Guillaume de Van (2 July 1906 in Memphis – 2 July 1949 in Amalfi) real name William Carrolle Devan, was a French musicologist and choral conductor of American origin. A student at Princeton University, he then traveled to Rome to train in Gregorian chant. In the early 1930s, he became a choir conductor, conducting the Armenian choir in Paris. In 1935, in collaboration with the priest Ducaud-Bourget, he founded the vocal ensemble Les Paraphonistes de Saint-Jean des Matines. With this ensemble he interpreted and recorded for the first time several secular and religious vocal works of the Middle Ages.
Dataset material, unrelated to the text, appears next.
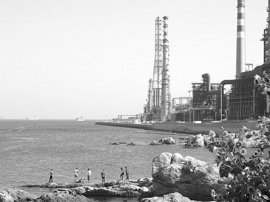在大東西太平洋石油化工有限公司廠區附近,彌漫著一股濃濃的汽油味。出租車司機姚師傅介紹,5年前,大孤山半島基本上還是一片荒涼之地,島上只有幾個小漁村,空氣清新。
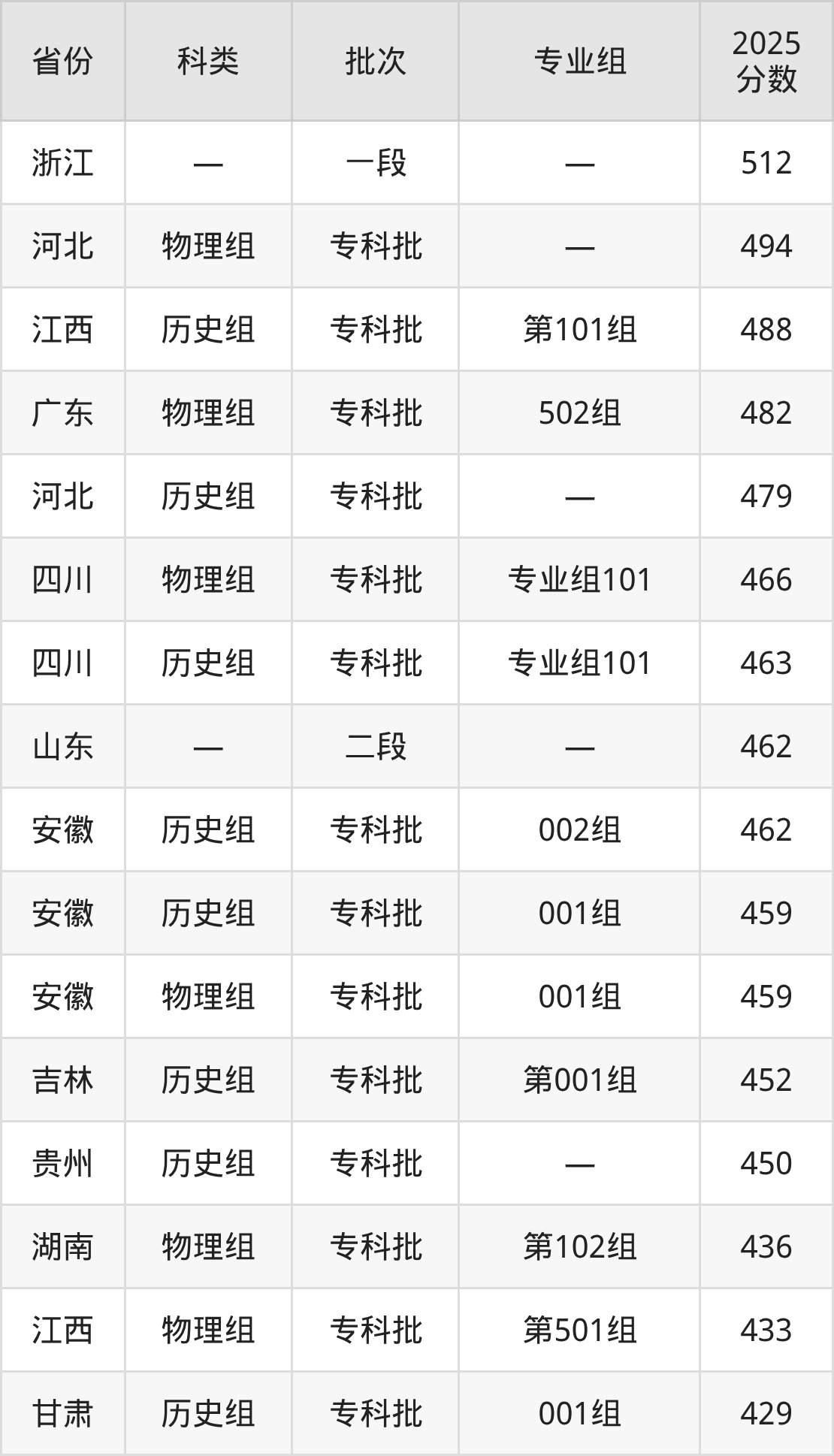 而浙江地区考生的分数门槛最高,2025年开封大学在浙江招生最低分为512分,考生至少要超一段线22分才有可能被录取。

Among these works, he recorded the world premiere of Messe de Nostre Dame by Guillaume de Machaut in 1936 of which he made one of the first complete transcriptions published by the Corpus mensurabilis musicae in 1950. In 1942 he was appointed by the Vichy regime curator of the newly created département de la musique de la Bibliothèque nationale de France, until 1944. In this capacity he collaborated with the Nazi musicologists of the Sonderstab Musik. After the Liberation of France, he was suspended from his duties on 24 August 1944.

== Bibliography ==
- Sara Iglesias, Musicologie et Occupation : Science, musique et politique dans la France des « années noires », chapter Un personnage-clé : Guillaume de Van, nouveau prince et « usurpateur » de la musicologie française. 2014 éditions MSH.